The astonishing rise and fall of Bed Bath & Beyond’s stock price this month has put a spotlight on the investor Ryan Cohen, who through his social media savvy and his portfolio has become a baron of the meme-stock realm.
Cohen is the chair of GameStop, the video game retailer that was among the first stocks to lift off in early 2021 after its embrace by retail traders congregating in online message boards. He was the co-founder of Chewy, the pet supply retailer he sold for $3.35bn in 2017.
The 37-year-old has also become one of the most influential figures among the legions of amateur investors who have demonstrated their collective power to move the price of so-called meme stocks. Cohen’s tweets and investments are dissected, copied and amplified on social media sites such as Reddit. Recent moves in Bed Bath & Beyond show how this can be a volatile mix.
Shares in the homewares company had already been surging when on Monday, August 15, Cohen filed documents with the US Securities and Exchange Commission detailing a previous purchase in February and March of a large number of call options on the stock.
The disclosure helped push Bed Bath & Beyond shares up 30 per cent the next day. On Reddit, a forum member posted a meme with a message written below Cohen’s visage. “Howdy folks,” it read. “This is Ryan from the cockpit we’re expecting some turbulence just remain in your seats.”
There was turbulence. On Wednesday, August 17, Cohen disclosed that he was selling his entire stake, and by Thursday he had fully closed his position with a gain of about $60mn. The sales sparked the worst one-day pullback in the history of Bed Bath & Beyond stock.
While some retail investors took to Reddit to express dismay, still more rallied around Cohen. One wrote that it just “wasn’t like him” to “pull the rug out” from under his followers. “Not gonna lie . . . did panic . . . but bought more. I have faith in him and this will make sense soon!” said another user.
“Cohen is the most highly regarded person in these communities, after Keith Gill,” said Christopher Kardatzke, co-founder of alternative data provider Quiver Quantitative, referring to a widely followed meme-stock trader better known by his YouTube username, Roaring Kitty. “A lot of the interest in Bed Bath as a meme stock had to do with Ryan Cohen’s involvement.”

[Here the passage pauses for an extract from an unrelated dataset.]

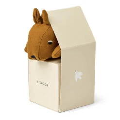 Myra kangaroo soft toy by Liewood.  A soft and cute cotton / linen soft toy. The fabric has a stonewashed treatment for a soft and classy look. Complete with a soft rattle inside.
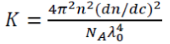 where I(q,c) is the excess Rayleigh scattering ratio (in units of cm-1), the quantity assessed by the light scattering instrument, identical to its value from the polymer solution subtracting the pure solvent’s value.

“Usually a large insider sale is unanimously seen as a bad thing, but within this community there are theories that maybe Cohen sold Bed Bath in order to create a merger with GameStop,” Kardatzke said.
GameStop and Bed Bath & Beyond shares feature on Reddit boards dedicated to the other stock. Cohen has also “hodl’d”, or “held on (for dear life)” to his GameStop shares despite their run-up in value, which was interpreted as an act of camaraderie and earned him respect.
Cohen bought a 13 per cent stake in GameStop in 2020 and joined its board in January 2021. Reddit traders, already interested in the stock because of its heavy interest from short sellers and its low price, saw Cohen as a harbinger of an ecommerce turnround for the bricks-and-mortar retailer. GameStop’s shares rose from $5 to more than $85 in early 2021.
Cohen’s prominence has also been aided by his understanding of online trading humour. When Cohen tweeted a frog emoji with a picture of an ice-cream cone in February 2021, Reddit posts launched into theories about what it meant for GameStop shares.

A week after disclosing his stake in Bed Bath & Beyond, Cohen tweeted: “Short sellers are the dumb stormtroopers of the investing galaxy.” The following week the company’s shares climbed to their highest level for the year.
Cohen wrote in an SEC filing that he was “the chairman of GameStop and overseeing a systematic transformation”.
While GameStop’s share price his risen, analysts say the company’s business fundamentals are largely unchanged since his arrival. Current and former GameStop executives contacted for this story declined to comment.
“His big idea was — wait for it — NFT wallets,” said one GameStop analyst.
As for Bed Bath & Beyond: “The fundamentals have deteriorated significantly since he took his stake,” said Justin Kleber, an analyst at Baird. The company is scheduled to provide a “strategic update” to investors on Wednesday.
Experts said that nothing about Cohen’s Bed Bath & Beyond sale was illegal under securities law. He was not on its board and carried no restrictions that come with unfettered access to privileged information available to officers and directors. He also did not make false claims about the company to the public that would amount to a traditional “pump and dump”.
“The obligation that he has, though, is to speak truthfully about his intentions,” said enforcement lawyer and former SEC assistant director, Gregory Bruch. “If his intentions were different than his actions that is [a] basis to conduct an investigation.”
Through a spokesperson, Cohen declined to comment.
In a letter to the board when he took his Bed Bath & Beyond stake, Cohen said his investment was “maniacally focused on the long-term”.